L’Intelligenza Artificiale scopre un nuovo super antibiotico

L’Intelligenza Artificiale sarà in grado di trovare anche nuove cure per la salute umana? Pare proprio di sì. La notizia, recentemente pubblicata su una nota rivista scientifica, è che un sistema di IA ha identificato un nuovo super antibiotico: un dato di grande rilievo, visto che tutti noi stiamo diventando sempre più antibiotico-resistenti e che, negli ultimi anni, la ricerca su questa tipologia di farmaci ha registrato un deciso rallentamento. Probabilmente saranno proprio i computer più avanzati a combattere le malattie, “scovando” cure e medicinali sempre più sofisticati e in breve tempo.

Si chiama ‘halicin’ in omaggio a Hall 9000

Il super antibiotico scoperto dall’IA è stato battezzato ‘halicin’ in omaggio al supercomputer Hal 9000 del film ‘2001: Odissea nello spazio’. Il farmaco ha dimostrato nei test di laboratorio di poter eliminare molti dei batteri portatori di malattie, compresi alcuni ceppi diventati resistenti a tutti i farmaci tradizionali. Il risultato, pubblicato sulla rivista Cell dai ricercatori del Massachusetts Institute of Technology (Mit), potrebbe rappresentare l’inizio di una nuova era per la ricerca sugli antibiotici,

Cosa dicono i ricercatori

Come ha spiegato James Collins del Mit, riporta l’Ansa,”Stiamo affrontando una crisi crescente per quanto riguarda l’antibiotico-resistenza, e questa situazione si è venuta a creare sia per un aumento dei microrganismi patogeni divenuti resistenti, sia per una produzione sempre più scarsa di nuovi antibiotici da parte delle industrie biotech e farmaceutiche”. Per ovviare a questo “stop”, gli scienziati americani hanno creato un algoritmo di apprendimento automatico addestrato ad analizzare in modo estremamente accurato la struttura chimica dei composti chimici, mettendola in correlazione con specifiche proprietà come la capacità di uccidere i batteri.

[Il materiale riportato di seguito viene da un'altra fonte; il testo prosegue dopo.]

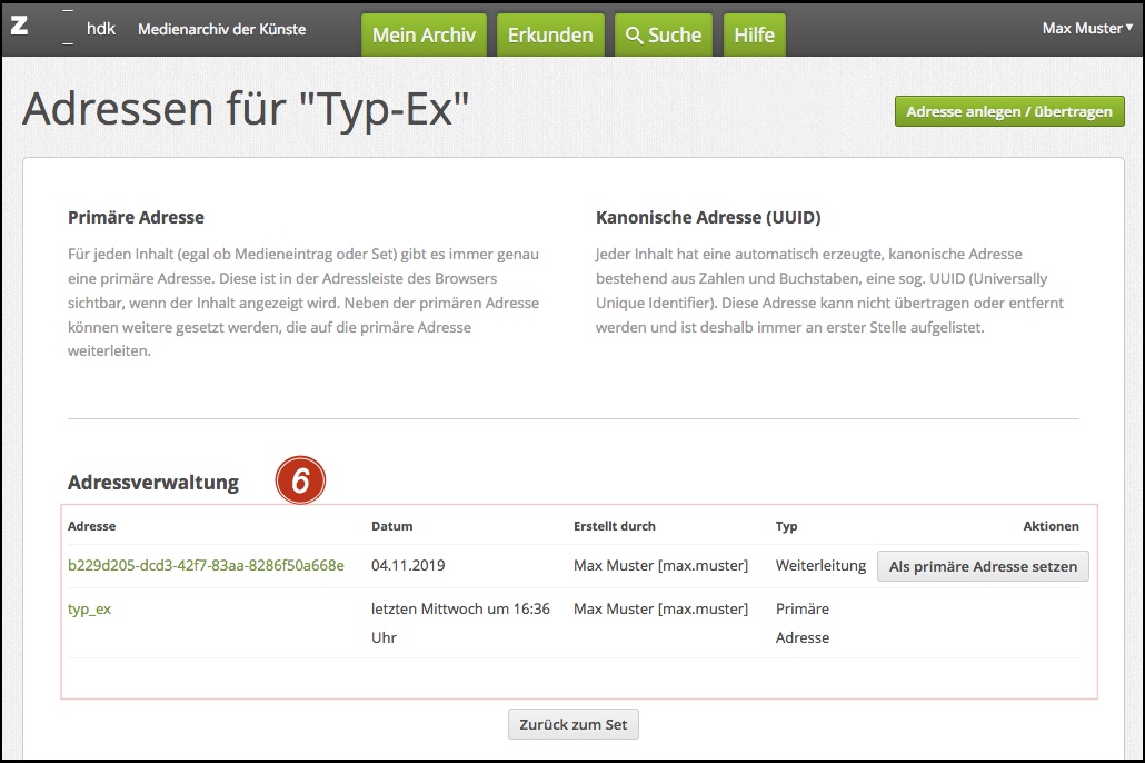 Ein Inhalt kann mehrere Adressen haben. Einmal vergebene Adressen können nicht erneut vergeben werden. Somit können Tipp-Fehler nur durch die Vergabe einer neuen Adresse korrigiert werden. Wird ein Medieneintrag oder ein Set gelöscht, verschwinden auch die mit ihm verknüpften Adressen aus dem System und können neu vergeben werden.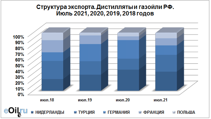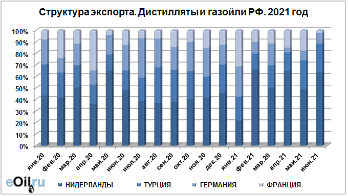Структура экспорта дистиллятов и газойлей из России с января 2021 по июль 2021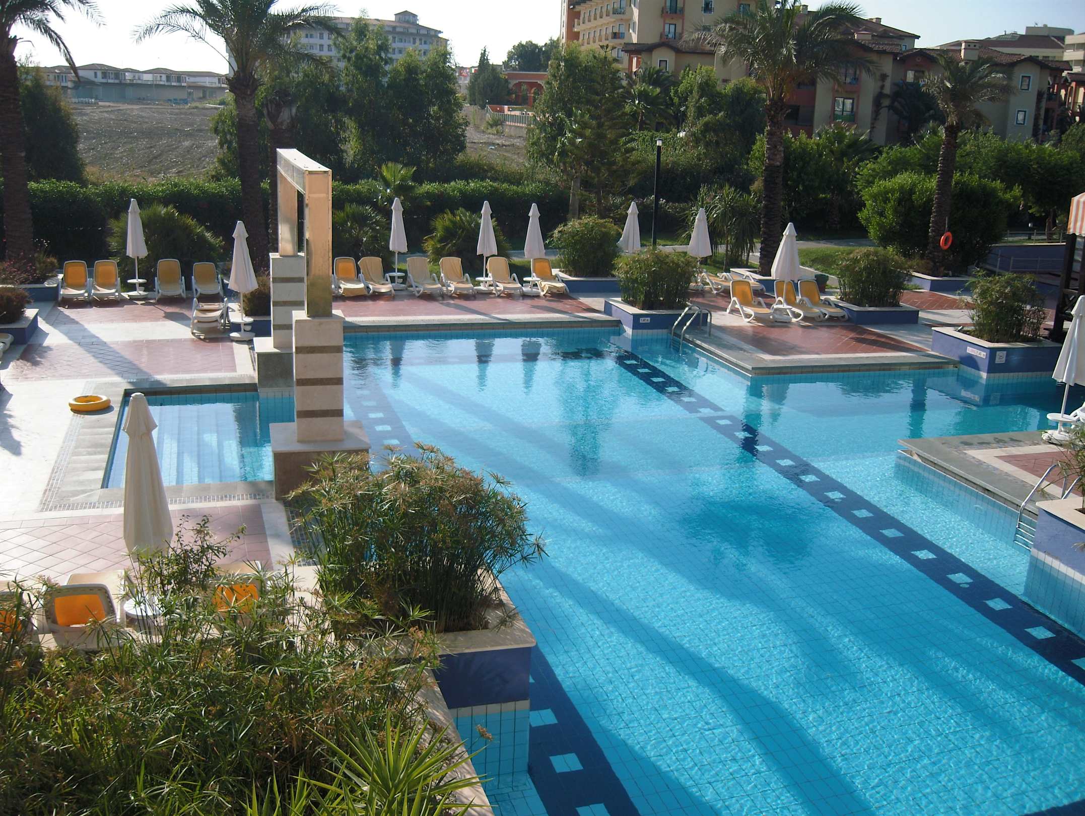 Aussicht vom Balkon auf den Pool

In questo modo hanno ottenuto una piattaforma capace di passare in rassegna più di centro milioni di composti nell’arco di alcuni giorni, identificando quelli che potrebbero uccidere i batteri usando meccanismi d’azione diversi rispetto ai farmaci esistenti. “Il nostro approccio ha svelato questa fantastica molecola che è verosimilmente uno degli antibiotici più potenti mai scoperti”, aggiunge Collins.

Le prospettive future

Il processo per mettere a punto ‘halicin’ ha avuto ulteriori risvolti positivi: durante la ricerca sono infatti state individuate anche altre otto molecole potenzialmente interessanti che verranno testate a breve. Il sistema, affermano gli esperti, potrebbe essere utilizzato non solo per creare nuovi farmaci, ma anche per ottimizzare e perfezionare quelli già esistenti.